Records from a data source
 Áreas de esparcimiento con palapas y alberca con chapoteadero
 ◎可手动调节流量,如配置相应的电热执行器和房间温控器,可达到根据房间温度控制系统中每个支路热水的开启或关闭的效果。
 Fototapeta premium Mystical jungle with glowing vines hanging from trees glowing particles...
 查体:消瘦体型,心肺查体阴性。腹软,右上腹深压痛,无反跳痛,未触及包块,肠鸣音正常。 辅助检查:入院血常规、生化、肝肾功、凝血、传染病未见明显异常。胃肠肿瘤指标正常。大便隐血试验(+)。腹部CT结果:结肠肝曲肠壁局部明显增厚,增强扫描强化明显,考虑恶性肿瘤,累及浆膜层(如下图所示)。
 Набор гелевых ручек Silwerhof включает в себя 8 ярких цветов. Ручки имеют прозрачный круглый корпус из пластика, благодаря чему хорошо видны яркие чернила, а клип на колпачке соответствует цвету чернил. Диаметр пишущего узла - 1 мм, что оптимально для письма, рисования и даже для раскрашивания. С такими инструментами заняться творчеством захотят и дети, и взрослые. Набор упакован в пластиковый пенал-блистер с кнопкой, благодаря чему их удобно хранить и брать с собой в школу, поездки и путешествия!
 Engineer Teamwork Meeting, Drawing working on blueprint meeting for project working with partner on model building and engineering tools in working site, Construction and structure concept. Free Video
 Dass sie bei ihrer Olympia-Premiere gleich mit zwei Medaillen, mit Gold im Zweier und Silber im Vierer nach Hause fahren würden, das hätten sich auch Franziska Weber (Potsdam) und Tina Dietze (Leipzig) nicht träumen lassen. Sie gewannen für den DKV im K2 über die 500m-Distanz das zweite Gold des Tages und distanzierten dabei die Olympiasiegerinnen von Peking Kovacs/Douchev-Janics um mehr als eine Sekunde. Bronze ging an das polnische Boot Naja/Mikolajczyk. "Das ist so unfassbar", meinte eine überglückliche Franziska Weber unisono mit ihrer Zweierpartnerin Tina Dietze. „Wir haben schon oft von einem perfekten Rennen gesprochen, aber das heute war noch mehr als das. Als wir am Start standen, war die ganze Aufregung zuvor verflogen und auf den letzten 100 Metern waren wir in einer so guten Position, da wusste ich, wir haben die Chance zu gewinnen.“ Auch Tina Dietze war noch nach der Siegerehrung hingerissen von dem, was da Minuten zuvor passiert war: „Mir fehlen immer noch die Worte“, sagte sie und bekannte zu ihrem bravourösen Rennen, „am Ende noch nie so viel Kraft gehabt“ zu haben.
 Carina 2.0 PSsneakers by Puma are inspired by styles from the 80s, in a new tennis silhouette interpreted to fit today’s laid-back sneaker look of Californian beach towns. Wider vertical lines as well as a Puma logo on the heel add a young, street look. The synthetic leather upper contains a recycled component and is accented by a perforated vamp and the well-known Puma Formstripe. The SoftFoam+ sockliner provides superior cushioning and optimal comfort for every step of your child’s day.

...

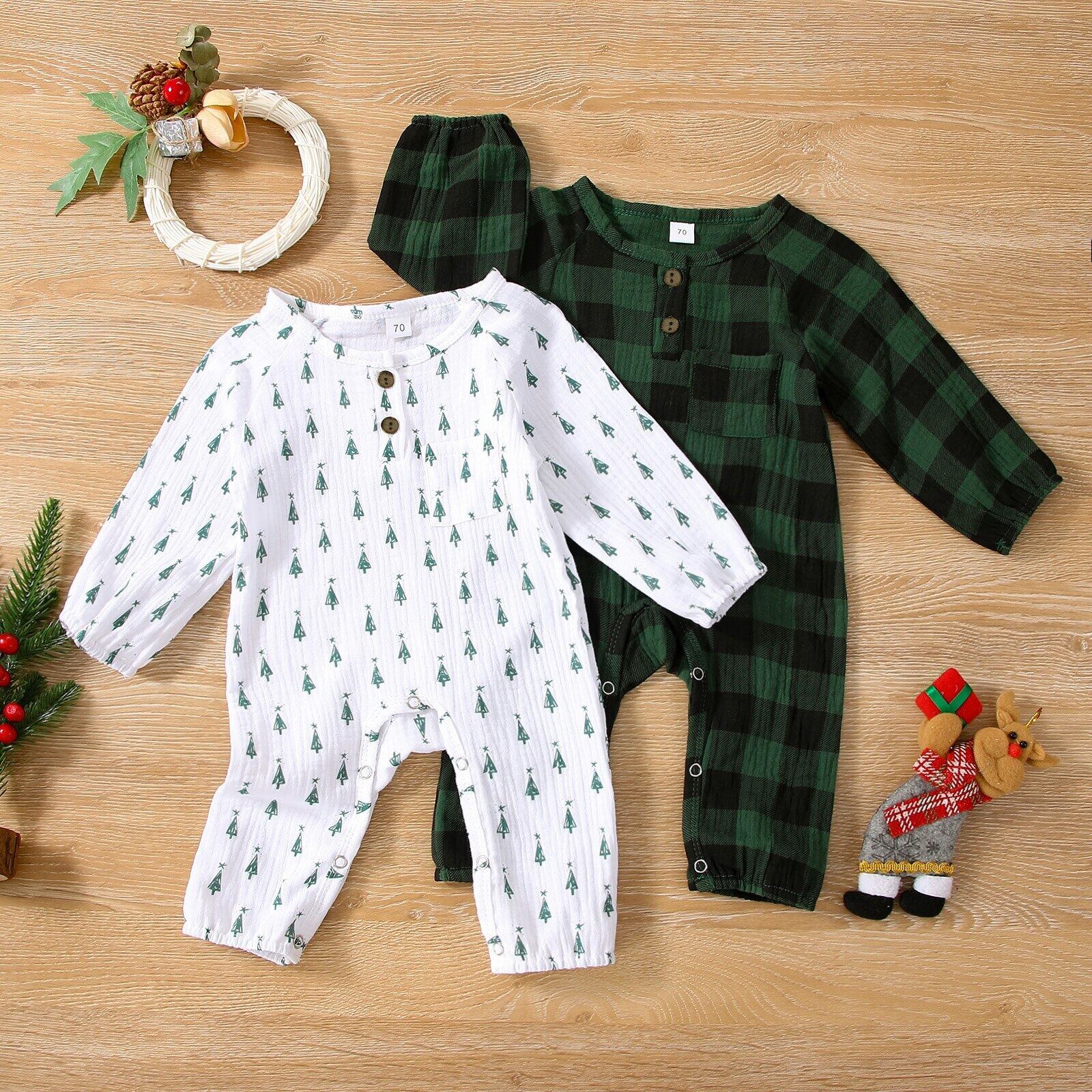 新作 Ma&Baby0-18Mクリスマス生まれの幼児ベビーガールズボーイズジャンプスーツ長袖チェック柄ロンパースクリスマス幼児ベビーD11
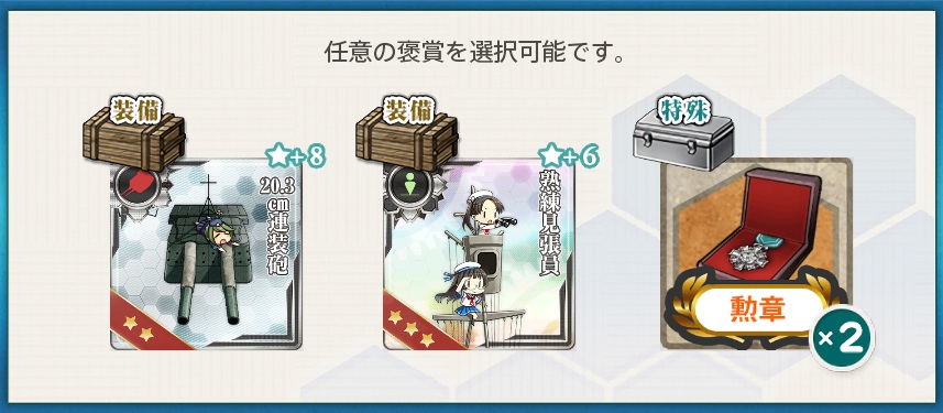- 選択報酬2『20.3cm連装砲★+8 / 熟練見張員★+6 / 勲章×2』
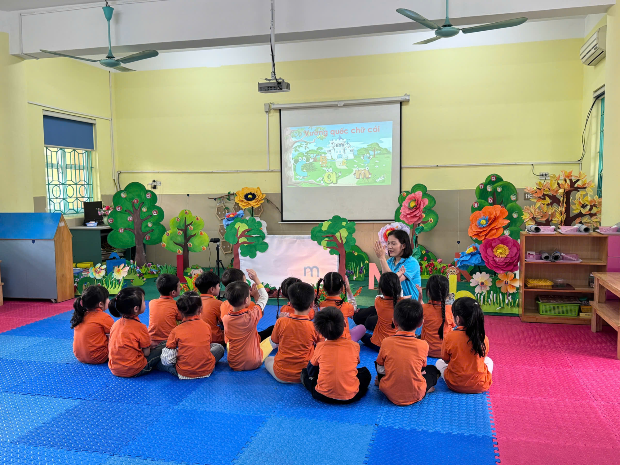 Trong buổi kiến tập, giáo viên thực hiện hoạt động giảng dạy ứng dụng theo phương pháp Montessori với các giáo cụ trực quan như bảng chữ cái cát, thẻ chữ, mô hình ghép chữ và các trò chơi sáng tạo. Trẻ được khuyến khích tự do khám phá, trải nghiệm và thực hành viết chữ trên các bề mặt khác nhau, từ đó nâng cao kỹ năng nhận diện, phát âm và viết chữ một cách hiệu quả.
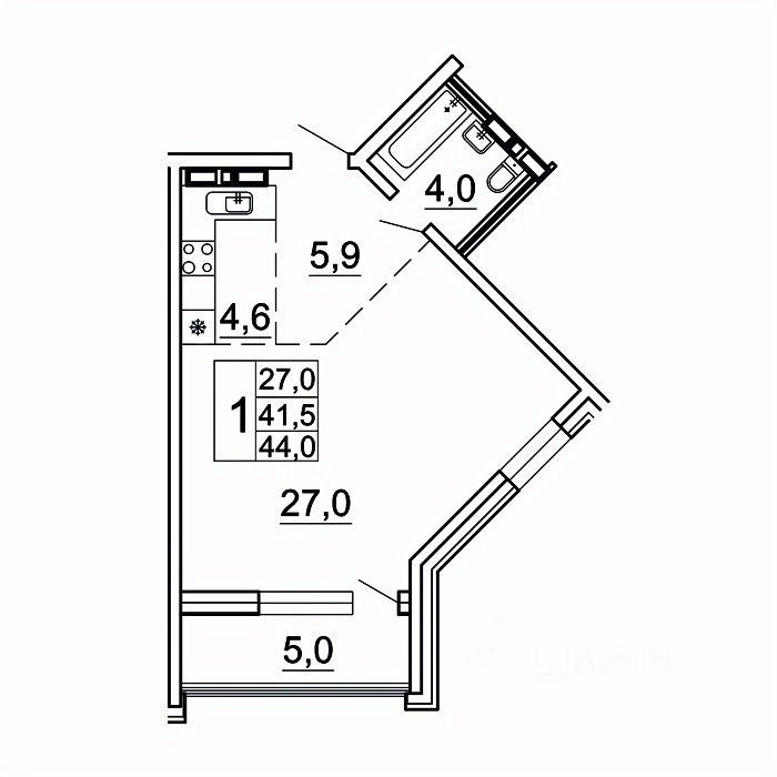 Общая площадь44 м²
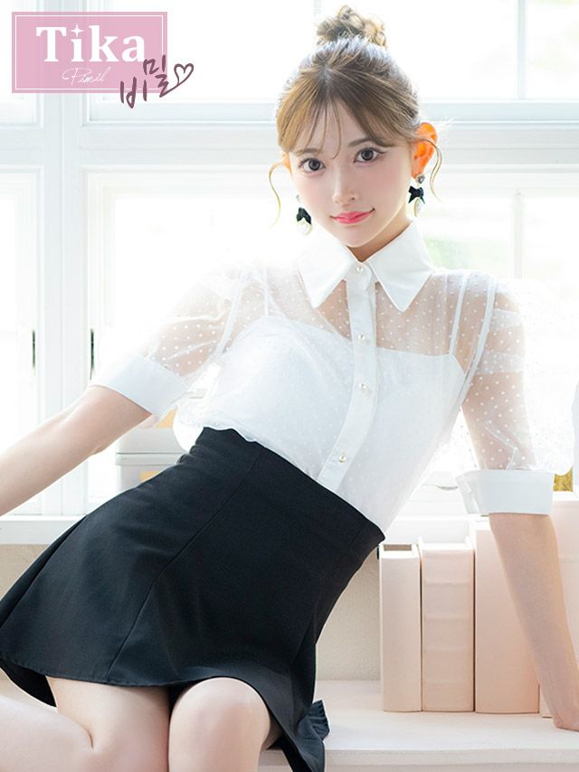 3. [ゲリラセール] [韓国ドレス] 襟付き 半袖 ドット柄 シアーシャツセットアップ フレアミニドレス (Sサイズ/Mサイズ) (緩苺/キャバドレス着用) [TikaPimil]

▸ Instructions for the task
Above are the lines; repeat exactly the ones from the line containing "Набор гелевых ручек" down to the line containing "Engineer Teamwork Meeting, Drawing", both inclusive.

▸ Result of the exercise
 Набор гелевых ручек Silwerhof включает в себя 8 ярких цветов. Ручки имеют прозрачный круглый корпус из пластика, благодаря чему хорошо видны яркие чернила, а клип на колпачке соответствует цвету чернил. Диаметр пишущего узла - 1 мм, что оптимально для письма, рисования и даже для раскрашивания. С такими инструментами заняться творчеством захотят и дети, и взрослые. Набор упакован в пластиковый пенал-блистер с кнопкой, благодаря чему их удобно хранить и брать с собой в школу, поездки и путешествия!
 Engineer Teamwork Meeting, Drawing working on blueprint meeting for project working with partner on model building and engineering tools in working site, Construction and structure concept. Free Video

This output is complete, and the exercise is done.